Since \mathcal{L} does not depend on the derivative of H, the Euler Lagrange equations simply state \frac{\partial \mathcal{L}}{\partial H^\alpha_i(\sigma)}=0. I tried to evaluate this:
\frac{\partial}{\partial H^\alpha_i(\sigma)}\left(\int d^2s(-\frac{1}{4}H^{\beta j}(s)H_{\beta j}(s) + H^\beta_j(s) \partial_\beta u^j(s))\right)
=\frac{\partial}{\partial H^\alpha_i(\sigma)}\left(\int d^2s(-\frac{1}{4}h_{\beta\gamma}g^{jk}H^{\beta}_k(s) H^{\gamma}_j(s)+ \epsilon^\beta{}_\gamma J_j{}^k H^\gamma_k(s) \partial_\beta u^j(s))\right) where the second equation of the realtions above is used
=-\frac{1}{4}h_{\beta\gamma}g^{jk}(h^{\beta\alpha} g_{ik} H^{\gamma}_{j}(\sigma) + H^{\beta}_{k}(\sigma) h^{\alpha\gamma} g_{jk}) + \varepsilon^\beta{}_\gamma J_j{}^k h^{\alpha\gamma} g_{ik} \partial_\beta u^{j}(\sigma)
=-\frac{1}{2}H^\alpha_i+\varepsilon^{\beta\alpha}J_{ji}\partial_\beta u^j(\sigma)
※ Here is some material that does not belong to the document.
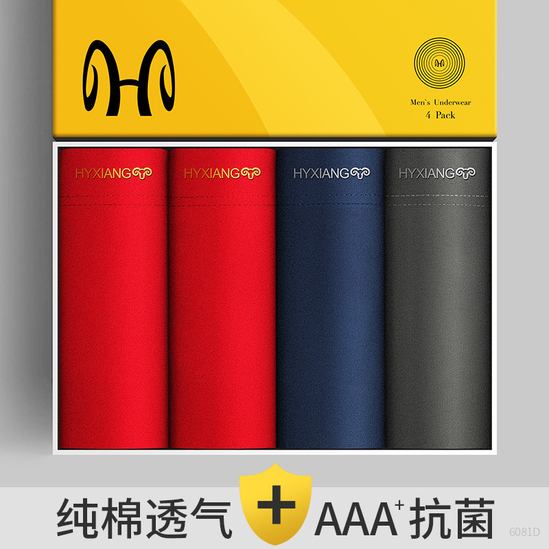 恒源祥男士内裤男本命年大红色牛年中腰平角裤结婚属牛四角短裤头 4XL(适合体重170-190斤) 红色+深灰+藏青4条礼盒装

Unfortunately, that is not really close to the expression that I am looking for. Can someone find mistakes? I appreciate any help.

physicus

 

[fzero]

Use the constraint to write

$$-\frac{1}{4} H^{\alpha i}H_{\alpha i} + H_{\alpha i} \partial^\alpha u^i
=- \frac{1}{4} H^{\alpha i}H_{\alpha i} + \frac{1}{2} H_{\alpha i} \partial^\alpha u^i
- \frac{1}{2} \epsilon_{\beta\alpha} {J^i}_jH_{\alpha i} \partial^\beta u^j .$$

Note that the sign of the 3rd term changes when you transpose the indices on $\epsilon_{\beta\alpha}$ after computing the variation.

 

[physicus]

Thanks a lot, that was very helpful. I got it now.